Secondary metabolites were extracted from the Streptomyces sp. Je 1-369 strain grown in 10 L of SG medium. The ethyl acetate extract from the culture supernatant of this strain was dissolved in methanol and purified in three stages. The first purification stage was normal-phase chromatography on a silica gel column with hexane (solvent A), chloroform (solvent B), ethyl acetate (solvent C), and methanol (solvent D) as the mobile phase at a flow rate of 100 mL/min. A triple linear gradient of each solvent pair A/B (10 column volumes (CV)), B/C (15 CV) and C/D (15 CV) was used, and fractions were collected every 18 mL. The separation was performed on a Biotage Isolera One LC-system (Biotage, Uppsala, Sweden) using a SNAP Ultra 50 g column HP-Sphere (Biotage, Uppsala, Sweden). The fractions containing the compounds of interest were pooled together, concentrated, and used for the second separation stage, which was size-exclusion chromatography on a Sephadex LH-20 column (Sigma-Aldrich, St. Louis, MO, USA) with methanol as the mobile phase. The fractions containing the compound of interest were again pooled together and concentrated. The last purification stage was reversed-phase high-performance liquid chromatography (HPLC), separation on a semipreparative C18 column SynergiTM 4 μm Fusion-RP 80 Å 250 mm × 10 mm (Phenomenex, Torrance, CA, USA) using a water solution containing 0.1% (v/v) formic acid (solvent A), and an acetonitrile solution containing 0.1% (v/v) formic acid (solvent B) as a mobile phase. The following gradient at a flow rate of 4 mL/min was used for compound 1 separation: 0 min—35% B, 0.5 min—35%, 2.5 min—70% B, 17.5 min—95% B, 21 min—95% B, 22 min—35% B, and 23 min—35% B. The following gradient at a flow rate of 4 mL/min was used for compound 2 separation: 0 min—35% B, 0.5 min—35%, 2.5 min—50% B, 17.5 min—95% B, 21 min—95% B, 22 min—35% B, and 25 min—35% B. The fractions containing pure compound were pooled together and evaporated. For compound 1 fractions with tR between 16.0 and 17.0 min were collected and for compound 2 fractions with tR between 20.2 and 20.8 min were collected. The quality assessment of the purification at each stage was verified by HPLC–MS.

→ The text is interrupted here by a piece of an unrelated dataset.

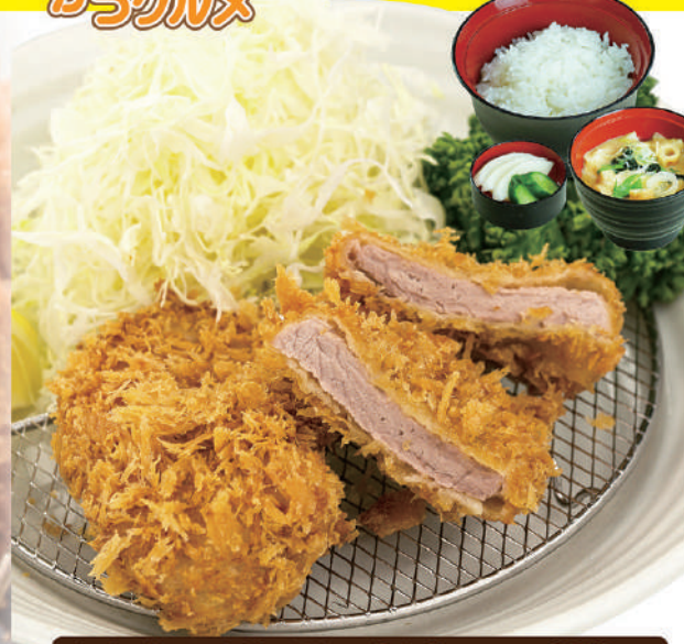
ヒレかつランチ 800円(税込880円)

4.4. Nuclear Magnetic Resonance (NRM) Spectroscopy and Optical Rotation (OD)

The NMR spectra of furaquinocin K were recorded on a Bruker Avance I UltraShield 500 MHz (Bruker, BioSpin GmbH, Rheinstetten, Germany) equipped with a 5 mm BBO probe at 298 K. The NMR spectra of furaquinocin L were acquired on a Bruker Avance III Ascent 700 MHz spectrometer at 298 K equipped with a 5 mm TCI cryoprobe. The chemical shifts (δ) were reported in parts per million (ppm) relative to TMS. As solvents, CDCl3H 7.27 ppm, δC 77.00 ppm) and DMSO-d6H 2.50 ppm, δC 39.51 ppm, 1 drop TFA) from Deutero (Kastellaun, Germany) were used. DEPT-edited 1H,13C-HSQC, 1H,13C-HMBC, 1H-1H COSY, 1H,15N-HSQC, and 1H,15N-HMBC spectra were recorded using standard pulse programs from TOPSPIN v.3.6. Optical rotations were measured using a JASCO P-2000 digital polarimeter (28600 Mary’s Ct, Easton, MD, USA).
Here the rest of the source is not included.